WHAT TO DO = Starting at the line that contains "Il vient en", write out each line exactly through the last one in the material below, and nothing more; omit all pictures.

::::

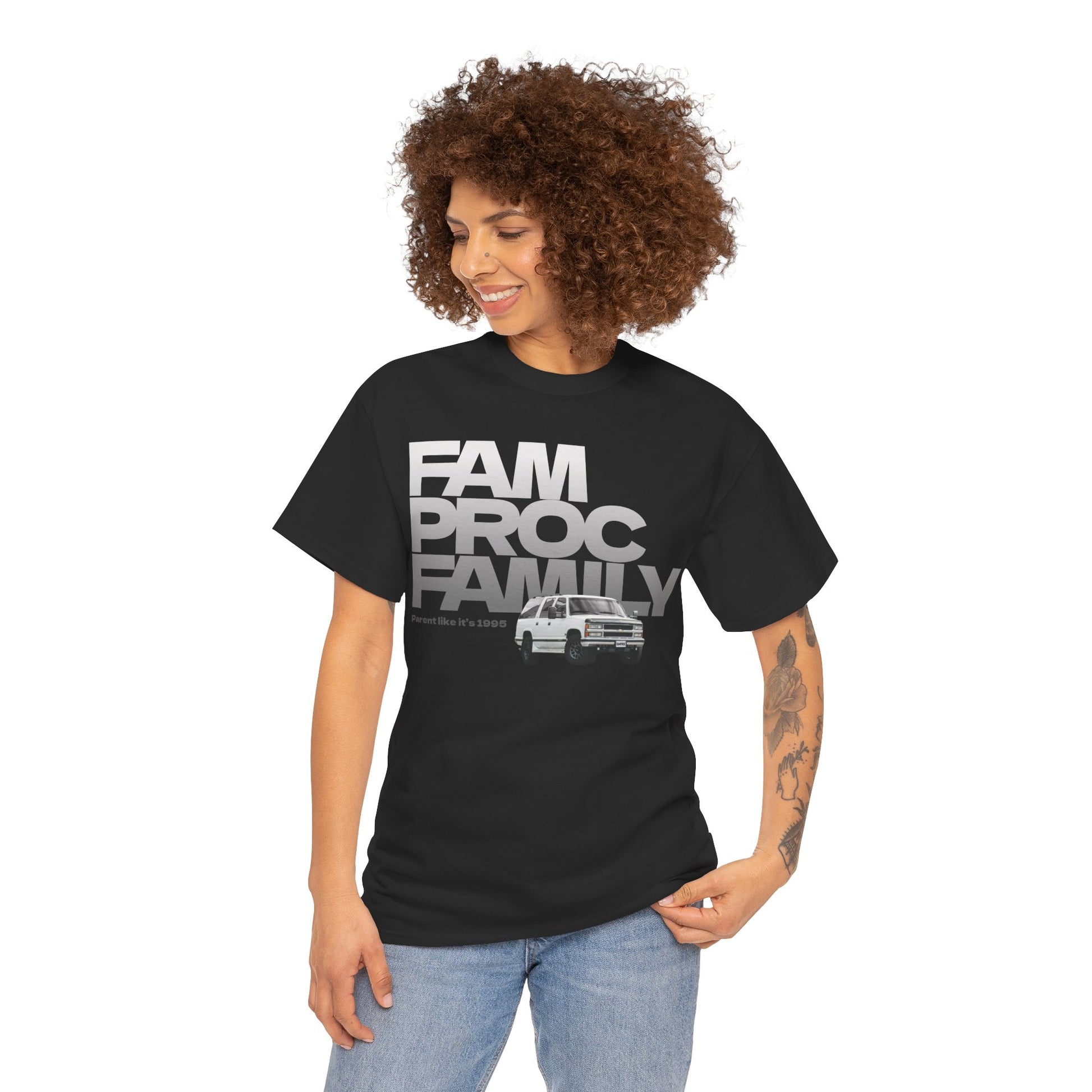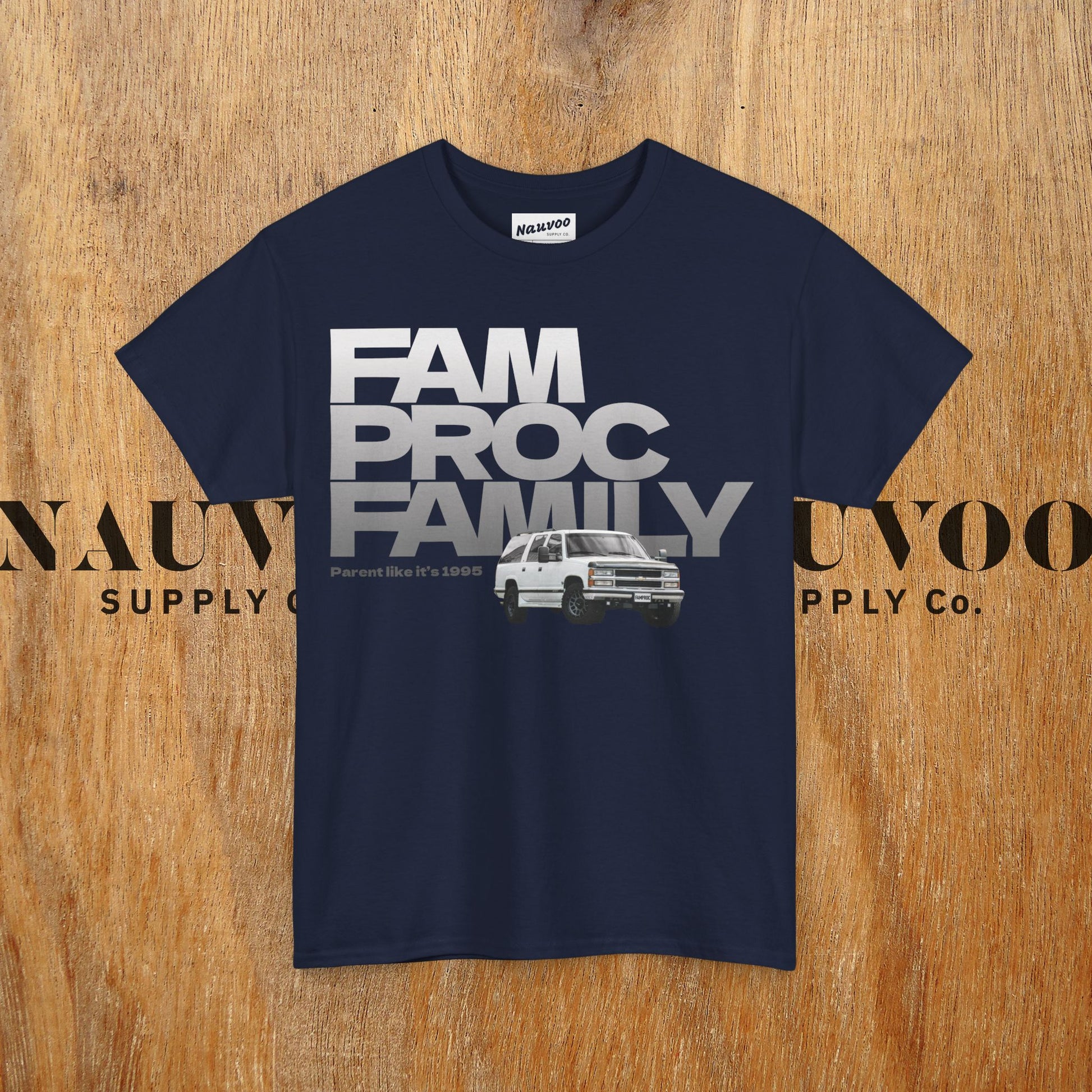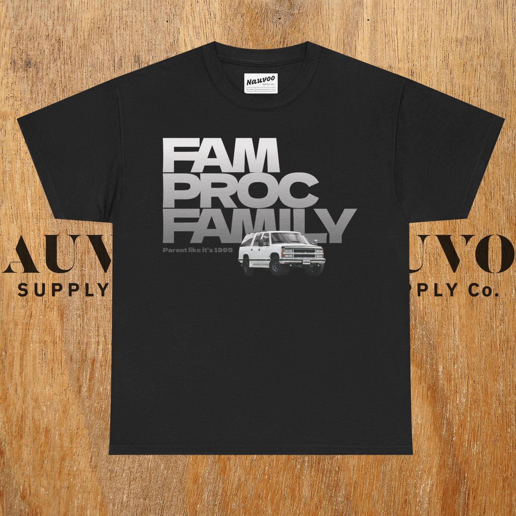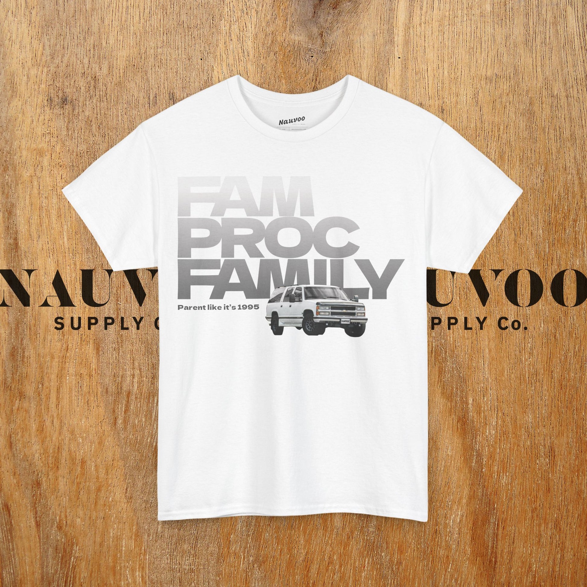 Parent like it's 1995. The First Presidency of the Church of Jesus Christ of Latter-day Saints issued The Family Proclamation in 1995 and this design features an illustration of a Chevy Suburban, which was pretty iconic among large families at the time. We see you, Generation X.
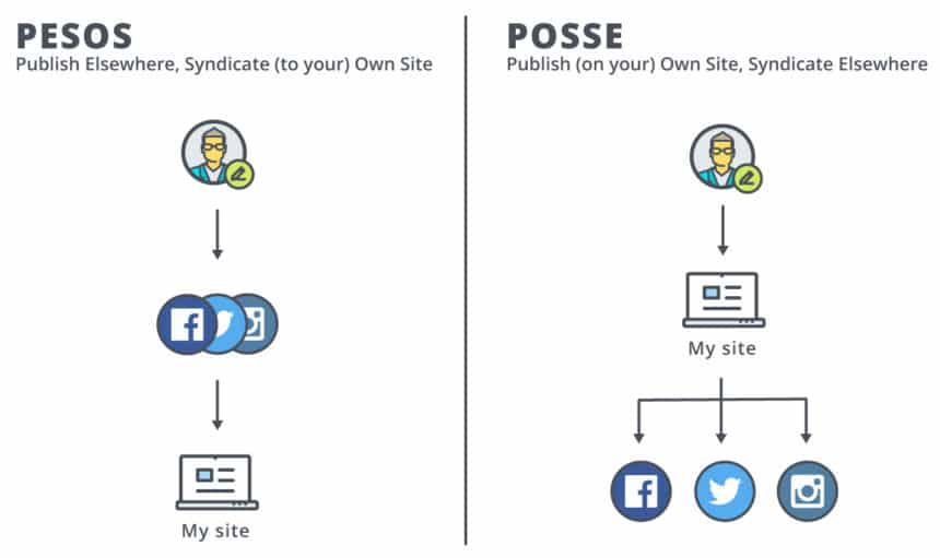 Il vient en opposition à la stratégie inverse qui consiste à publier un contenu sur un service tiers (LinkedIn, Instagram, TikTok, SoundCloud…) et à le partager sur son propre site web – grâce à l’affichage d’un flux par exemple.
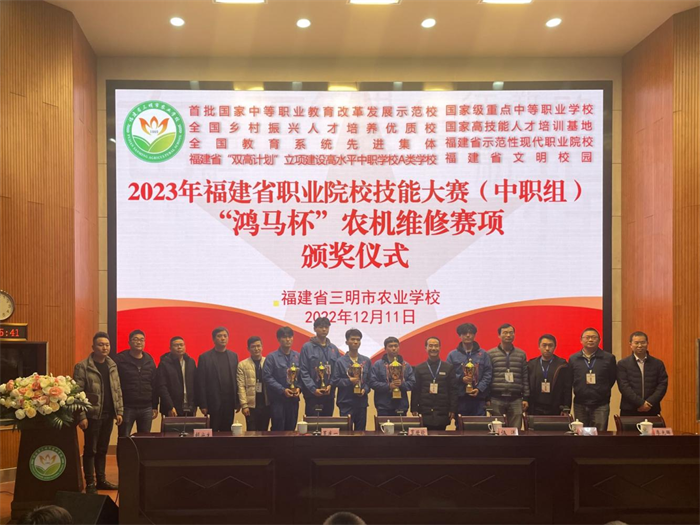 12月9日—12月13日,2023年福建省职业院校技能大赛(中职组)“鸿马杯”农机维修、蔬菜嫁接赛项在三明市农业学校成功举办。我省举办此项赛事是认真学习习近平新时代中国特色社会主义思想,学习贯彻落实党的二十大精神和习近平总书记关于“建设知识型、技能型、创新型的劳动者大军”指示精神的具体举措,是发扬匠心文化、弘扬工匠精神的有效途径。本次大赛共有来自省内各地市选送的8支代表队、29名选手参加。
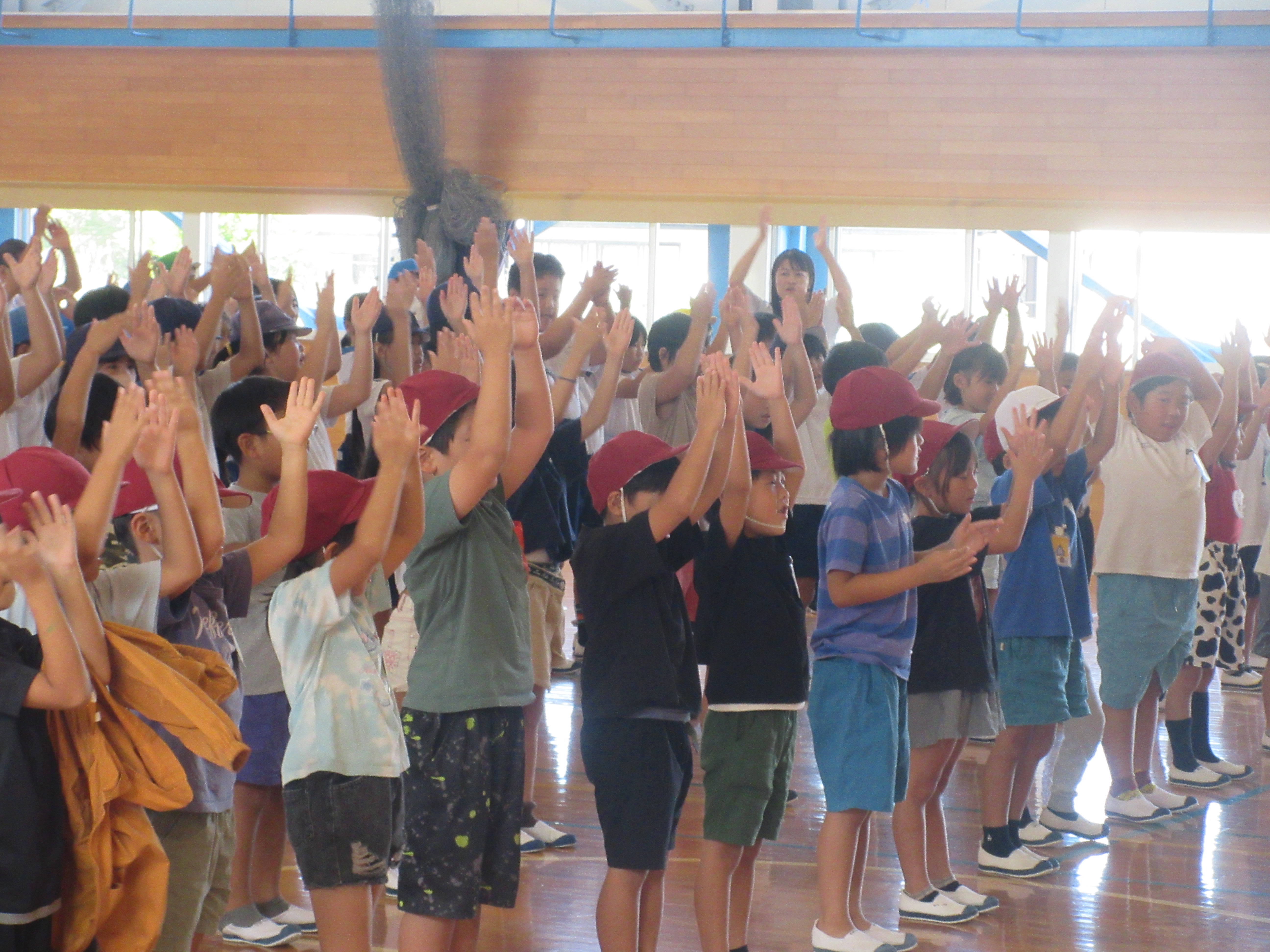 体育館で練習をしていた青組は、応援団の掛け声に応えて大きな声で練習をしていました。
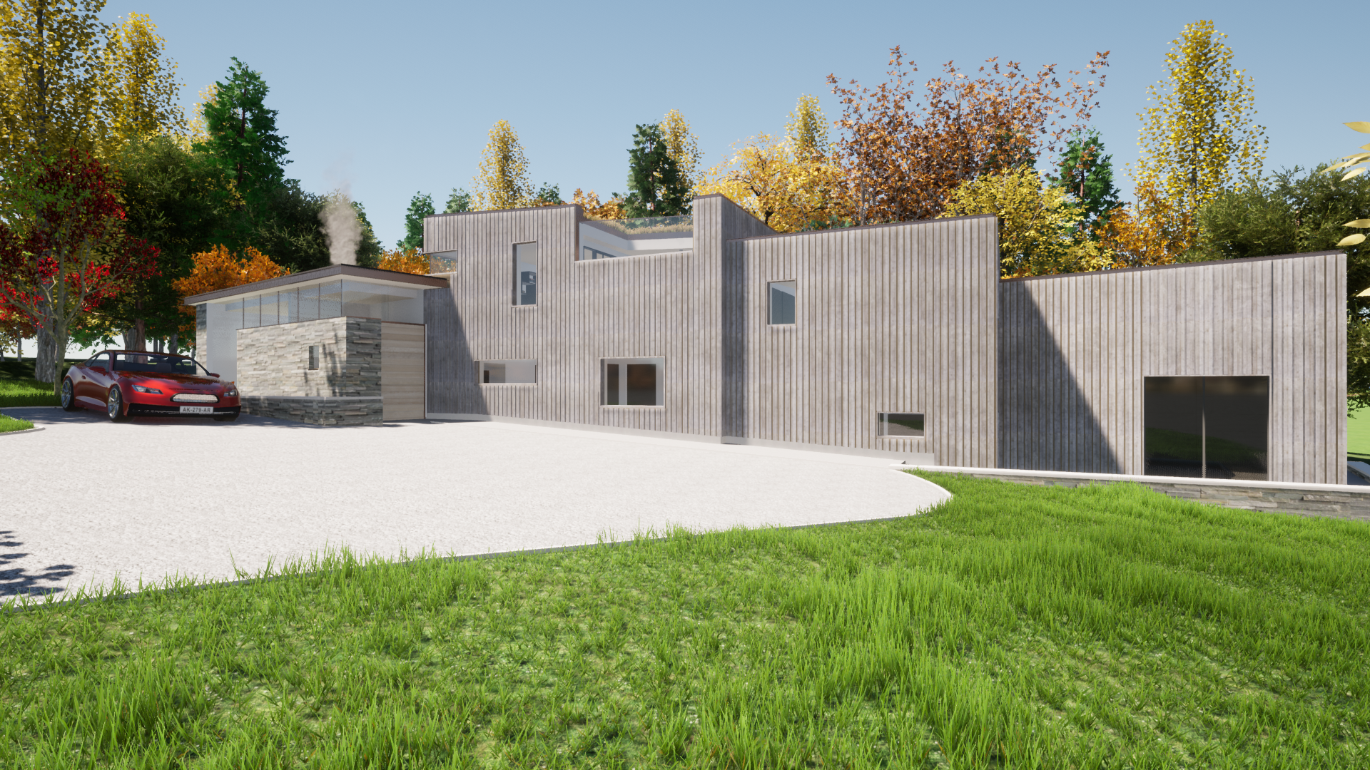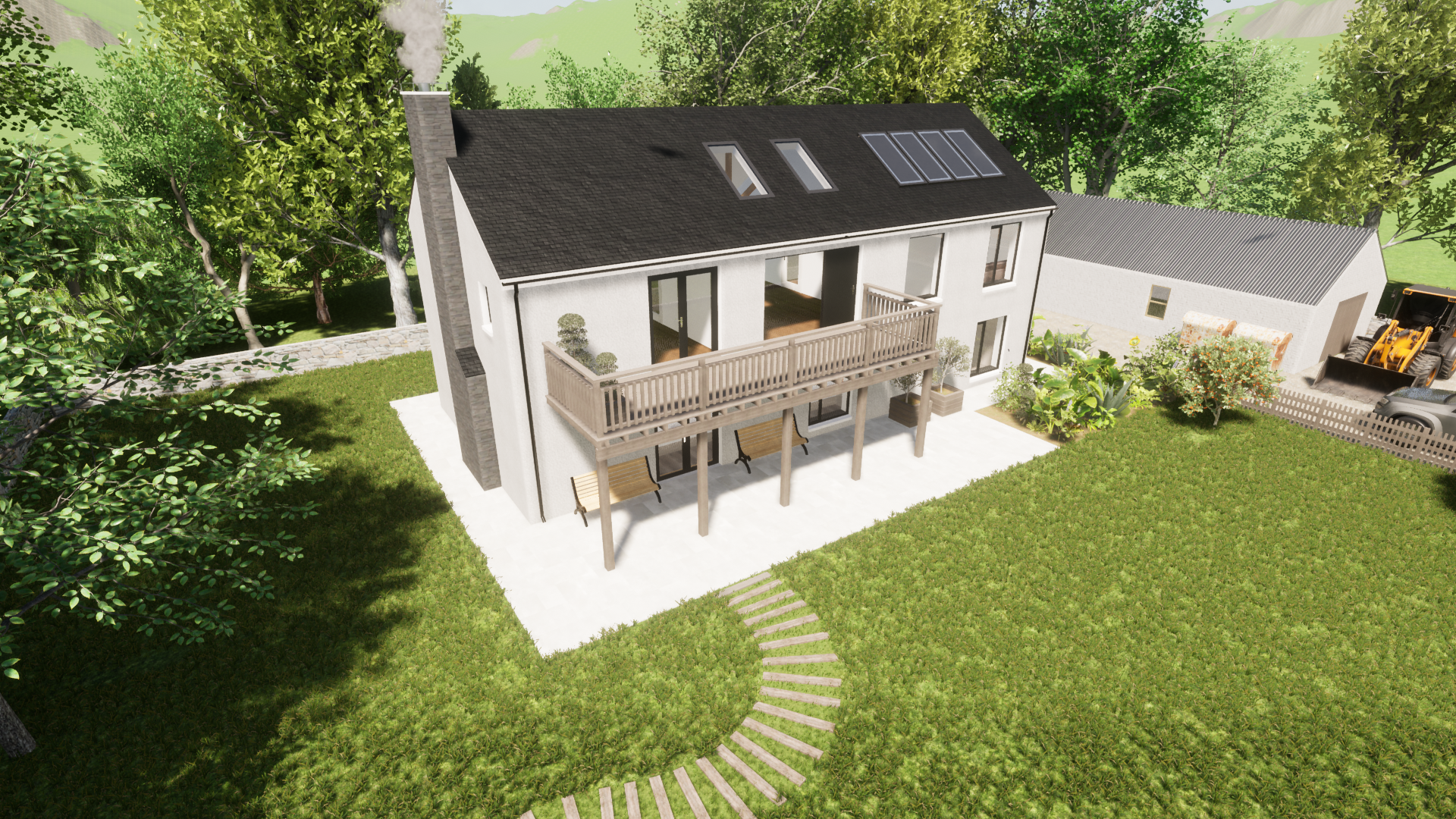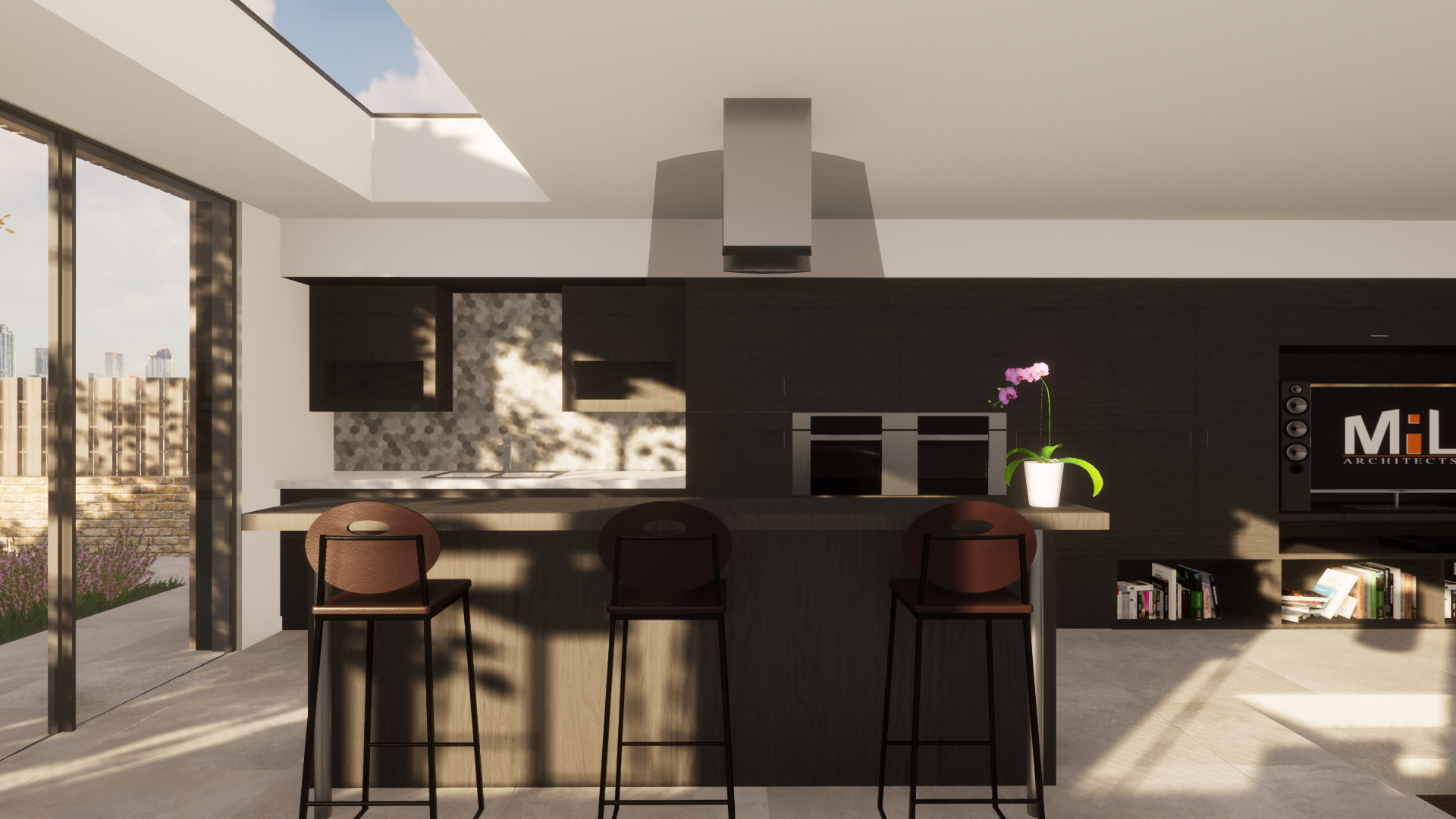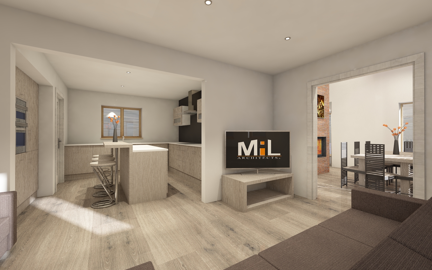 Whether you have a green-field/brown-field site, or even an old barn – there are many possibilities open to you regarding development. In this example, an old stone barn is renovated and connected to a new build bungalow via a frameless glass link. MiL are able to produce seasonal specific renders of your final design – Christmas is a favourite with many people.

::::

OUTPUT FOR THIS EXERCISE =
 Il vient en opposition à la stratégie inverse qui consiste à publier un contenu sur un service tiers (LinkedIn, Instagram, TikTok, SoundCloud…) et à le partager sur son propre site web – grâce à l’affichage d’un flux par exemple.
 12月9日—12月13日,2023年福建省职业院校技能大赛(中职组)“鸿马杯”农机维修、蔬菜嫁接赛项在三明市农业学校成功举办。我省举办此项赛事是认真学习习近平新时代中国特色社会主义思想,学习贯彻落实党的二十大精神和习近平总书记关于“建设知识型、技能型、创新型的劳动者大军”指示精神的具体举措,是发扬匠心文化、弘扬工匠精神的有效途径。本次大赛共有来自省内各地市选送的8支代表队、29名选手参加。
 体育館で練習をしていた青組は、応援団の掛け声に応えて大きな声で練習をしていました。
 Whether you have a green-field/brown-field site, or even an old barn – there are many possibilities open to you regarding development. In this example, an old stone barn is renovated and connected to a new build bungalow via a frameless glass link. MiL are able to produce seasonal specific renders of your final design – Christmas is a favourite with many people.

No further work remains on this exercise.